本発明に係るチャバザイト型ゼオライトは、平均粒子径が1.0μm以上であること、好ましくは1.2μm以上であること、より好ましくは1.5μmであること、さらにより好ましくは2.0μm以上であることにより、耐熱水性を高めたゼオライトである。これにより、水熱耐久処理後の400℃以上、好ましくは、400℃以上600℃以下の高温域における窒素酸化物の還元率だけでなく、水熱耐久処理後の100℃以上250℃以下、好ましくは100℃以上200℃以下、より好ましくは150℃以上200℃以下の低温域における窒素酸化物の還元率が、従来の銅が担持されているチャバザイト型ゼオライトと比べて高くなる。前記低温域における窒素酸化物の還元率が高くなる要因は必ずしも明らかではない。しかしながら、平均粒子径がこの範囲で大きくなることにより、本発明に係るチャバザイト型ゼオライトの低温域における窒素酸化物の還元率がより高くなりやすい。
本発明に係る銅が担持されているチャバザイト型ゼオライトにおける、窒素酸化物の還元率としては、水熱耐久処理後、150℃で52%以上、より好ましくは、150℃で54%以上であることが好ましい。150℃以外の温度における窒素酸化物の還元率が、52%以上でない場合であっても、150℃における還元率が52%以上であるものは、本発明に係る銅が担持されているチャバザイト型ゼオライトが有する窒素酸化物の還元率の範囲に含まれる。
なお、本発明における平均粒子径とは、結晶子が集合した一次粒子である。そのため、一次粒子が凝集した粒子(いわゆる二次粒子)とは異なる。
本発明に係る銅が担持されている新規なチャバザイト型ゼオライトは、前述の製造方法で得られたチャバザイト型ゼオライトに銅を担持させて製造することが好ましい。特に、H型のチャバザイト型ゼオライトに銅を担持させて製造することが好ましい。これにより、イオン吸着サイトが銅及び/又はプロトン(H+)で占有されているチャバザイト型ゼオライトとすることができる。
銅が担持されれば、その担持方法は特に限定されない。銅の担持方法として、イオン交換法、含浸担持法、蒸発乾固法、沈殿担持法、物理混合法、骨格置換法等の方法を採用することができる。
銅担持に用いる原料も、銅を含む硝酸塩、硫酸塩、酢酸塩、塩化物、錯塩、酸化物、複合酸化物など可溶性、不溶性のいずれも使用できる。

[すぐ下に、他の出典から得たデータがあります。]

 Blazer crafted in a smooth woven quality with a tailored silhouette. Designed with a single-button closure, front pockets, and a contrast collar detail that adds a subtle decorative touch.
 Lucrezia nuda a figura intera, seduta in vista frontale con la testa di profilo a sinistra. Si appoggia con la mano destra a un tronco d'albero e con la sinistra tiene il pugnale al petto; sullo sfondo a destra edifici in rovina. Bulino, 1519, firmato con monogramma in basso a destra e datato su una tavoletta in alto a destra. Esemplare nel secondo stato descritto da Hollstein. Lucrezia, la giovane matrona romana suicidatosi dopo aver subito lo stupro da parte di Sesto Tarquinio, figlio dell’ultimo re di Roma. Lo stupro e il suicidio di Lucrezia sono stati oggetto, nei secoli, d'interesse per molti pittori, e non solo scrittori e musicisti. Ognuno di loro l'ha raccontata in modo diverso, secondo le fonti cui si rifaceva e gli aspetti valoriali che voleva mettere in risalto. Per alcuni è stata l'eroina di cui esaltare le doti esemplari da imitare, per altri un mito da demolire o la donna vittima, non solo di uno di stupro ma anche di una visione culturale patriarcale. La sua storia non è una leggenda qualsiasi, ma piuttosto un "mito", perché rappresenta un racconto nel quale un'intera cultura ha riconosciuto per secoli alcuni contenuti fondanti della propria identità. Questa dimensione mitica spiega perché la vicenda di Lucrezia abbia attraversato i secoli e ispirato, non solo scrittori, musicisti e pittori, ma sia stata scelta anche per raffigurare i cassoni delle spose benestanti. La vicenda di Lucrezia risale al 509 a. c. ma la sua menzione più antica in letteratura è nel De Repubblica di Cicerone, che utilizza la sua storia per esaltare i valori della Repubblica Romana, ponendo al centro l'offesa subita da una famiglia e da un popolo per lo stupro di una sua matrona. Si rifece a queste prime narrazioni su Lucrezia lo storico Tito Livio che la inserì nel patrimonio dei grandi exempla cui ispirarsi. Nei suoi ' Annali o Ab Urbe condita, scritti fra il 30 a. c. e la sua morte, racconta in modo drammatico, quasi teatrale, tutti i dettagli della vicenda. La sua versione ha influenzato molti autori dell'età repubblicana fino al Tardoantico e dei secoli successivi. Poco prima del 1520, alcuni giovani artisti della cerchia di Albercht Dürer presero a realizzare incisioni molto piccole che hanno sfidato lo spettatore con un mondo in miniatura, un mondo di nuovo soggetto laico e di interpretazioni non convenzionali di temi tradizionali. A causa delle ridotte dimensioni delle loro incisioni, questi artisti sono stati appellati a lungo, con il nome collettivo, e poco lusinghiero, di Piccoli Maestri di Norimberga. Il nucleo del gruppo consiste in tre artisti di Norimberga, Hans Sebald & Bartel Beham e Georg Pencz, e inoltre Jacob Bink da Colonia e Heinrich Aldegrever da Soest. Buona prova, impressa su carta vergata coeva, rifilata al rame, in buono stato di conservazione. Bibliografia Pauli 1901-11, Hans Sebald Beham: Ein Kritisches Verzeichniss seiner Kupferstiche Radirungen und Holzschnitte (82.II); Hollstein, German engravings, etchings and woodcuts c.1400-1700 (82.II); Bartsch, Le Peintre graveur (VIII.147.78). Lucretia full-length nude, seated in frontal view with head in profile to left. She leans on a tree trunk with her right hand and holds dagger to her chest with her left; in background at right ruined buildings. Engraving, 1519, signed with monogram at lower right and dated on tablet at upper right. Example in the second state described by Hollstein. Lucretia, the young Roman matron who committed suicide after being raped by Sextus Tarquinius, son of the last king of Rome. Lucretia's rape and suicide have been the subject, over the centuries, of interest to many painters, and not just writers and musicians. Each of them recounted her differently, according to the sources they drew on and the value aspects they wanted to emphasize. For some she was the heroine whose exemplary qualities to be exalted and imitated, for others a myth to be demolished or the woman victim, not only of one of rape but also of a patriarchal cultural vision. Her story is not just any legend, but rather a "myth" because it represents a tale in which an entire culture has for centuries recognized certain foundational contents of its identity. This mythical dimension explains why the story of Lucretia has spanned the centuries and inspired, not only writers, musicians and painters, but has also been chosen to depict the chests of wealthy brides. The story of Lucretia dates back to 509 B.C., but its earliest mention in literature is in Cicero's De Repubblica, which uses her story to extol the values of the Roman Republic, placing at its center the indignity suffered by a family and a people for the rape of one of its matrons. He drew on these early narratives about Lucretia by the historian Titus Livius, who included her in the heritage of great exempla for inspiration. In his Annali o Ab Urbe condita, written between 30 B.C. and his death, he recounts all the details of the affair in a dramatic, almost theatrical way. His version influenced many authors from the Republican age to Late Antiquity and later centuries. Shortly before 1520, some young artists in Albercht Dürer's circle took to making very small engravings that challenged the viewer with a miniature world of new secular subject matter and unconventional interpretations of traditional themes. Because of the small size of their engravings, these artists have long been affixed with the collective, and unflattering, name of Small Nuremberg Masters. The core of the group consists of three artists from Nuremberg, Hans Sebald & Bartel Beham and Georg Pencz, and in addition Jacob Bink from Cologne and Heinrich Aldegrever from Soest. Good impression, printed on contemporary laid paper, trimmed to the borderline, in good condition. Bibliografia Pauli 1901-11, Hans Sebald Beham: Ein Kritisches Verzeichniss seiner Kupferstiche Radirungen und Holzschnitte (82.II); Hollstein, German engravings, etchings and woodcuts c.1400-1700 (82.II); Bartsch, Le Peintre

チャバザイト型ゼオライトに銅を担持させる方法としては、本発明に係るチャバザイト型ゼオライトに対し、例えば、0.2倍等量以上5.0倍等量未満の割合の酢酸銅一水和物を用いてイオン交換法で銅を担持させる方法等を挙げることができる。
なお、チャバザイト型ゼオライトに銅を担持させる際に、用いられる銅の当量数については、チャバザイト型ゼオライト中のアルミニウムに対して、銅担持に用いる原料に含まれる銅が、原子比(Cu/Al比)で0.5に相当する量を1倍等量とした。

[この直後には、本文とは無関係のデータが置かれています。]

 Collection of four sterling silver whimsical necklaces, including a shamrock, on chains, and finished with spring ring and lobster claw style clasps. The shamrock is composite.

特に、本発明に係る銅が担持されている新規なチャバザイト型ゼオライトは、水熱耐久処理後であっても、400℃以上、好ましくは、400℃以上600℃以下の高温域での窒素酸化物の還元率が高いだけではなく、100℃以上250℃以下、好ましくは100℃以上200℃以下、より好ましくは150℃以上200℃以下の低温域における窒素酸化物の還元率が高い触媒、いわゆる低温活性に優れた窒素酸化物還元触媒として使用することができる。なお、本発明においては、水熱耐久処理後の高温域での窒素酸化物の還元率を、500℃での窒素酸化物の還元率で評価し、水熱耐久処理後の低温域での窒素酸化物の還元率を、150℃での窒素酸化物の還元率で評価している。
本発明に係る銅が担持されている新規なチャバサイト型ゼオライトのSCR触媒としての低温活性は、上記の水熱耐久処理後に、100℃以上250℃以下、好ましくは100℃以上200℃以下、より好ましくは150℃以上200℃以下の低い温度での窒素酸化物還元率を測定することで判断することができる。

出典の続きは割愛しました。